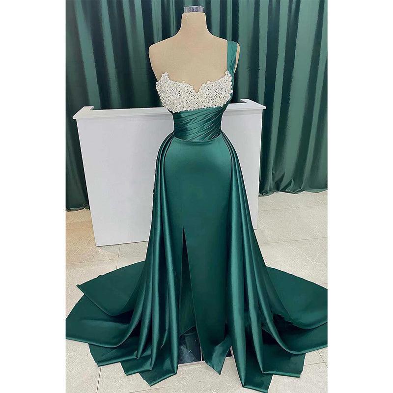Satin Off-shoulder Beaded with Detachable Train Party Prom Evening Dress
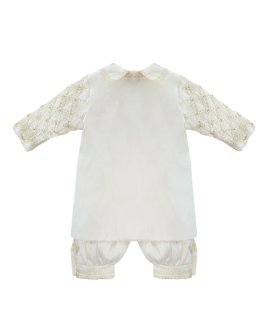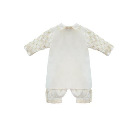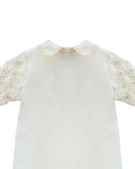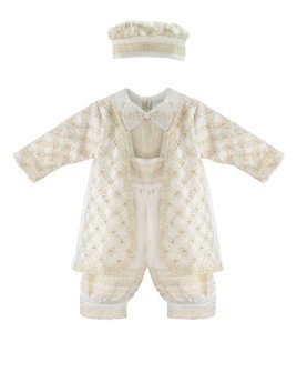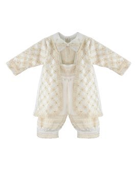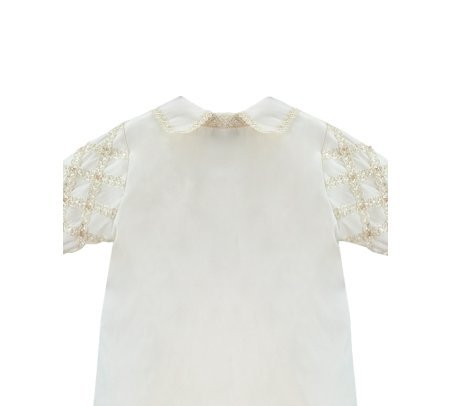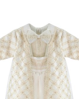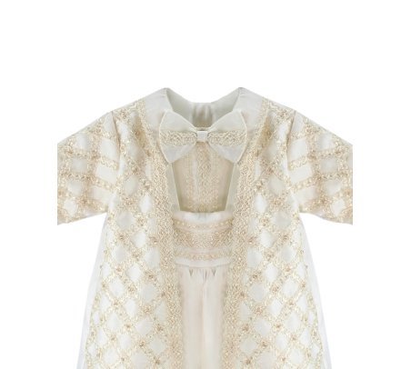 Boy's christening gown style, made of shantung with embroidered guipure details, crystal beading, and pearls. Elegant design with diamond-shaped embroidery and front buttons.
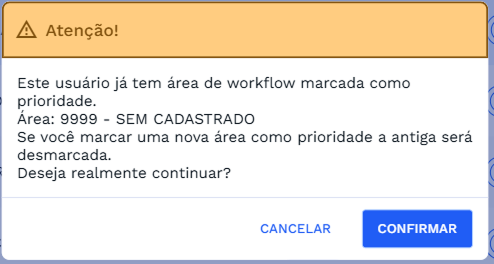 Não é possível existir mais de uma área com prioridade. Se você selecionar uma segunda área o sistema irá apresentar uma janela com o aviso perguntando se você desejar alterar a prioridade da área.
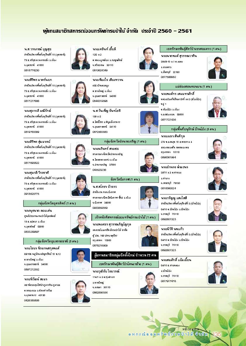 รายชื่อผู้แทนสมาชิก ประจำปี 2560 - 2561
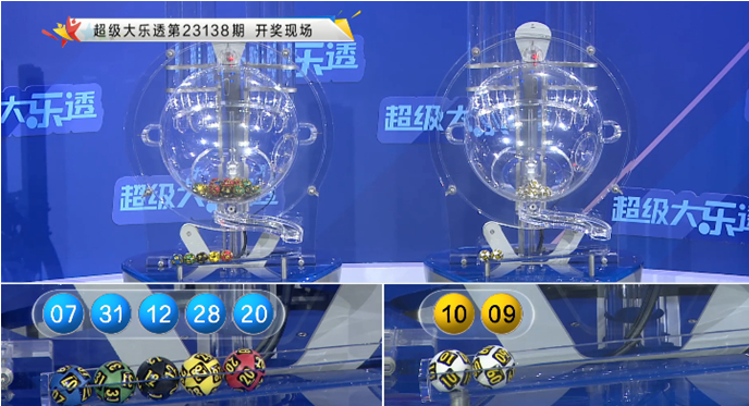 大乐透第2023138期奖号:07 12 20 28 31 + 09 10。
□ □ □ □
(Brief):
The records above need retyping in full. Omit the pictures, and change nothing else.

(Solution for this task):
Satin Off-shoulder Beaded with Detachable Train Party Prom Evening Dress
 Boy's christening gown style, made of shantung with embroidered guipure details, crystal beading, and pearls. Elegant design with diamond-shaped embroidery and front buttons.
 Não é possível existir mais de uma área com prioridade. Se você selecionar uma segunda área o sistema irá apresentar uma janela com o aviso perguntando se você desejar alterar a prioridade da área.
 รายชื่อผู้แทนสมาชิก ประจำปี 2560 - 2561
 大乐透第2023138期奖号:07 12 20 28 31 + 09 10。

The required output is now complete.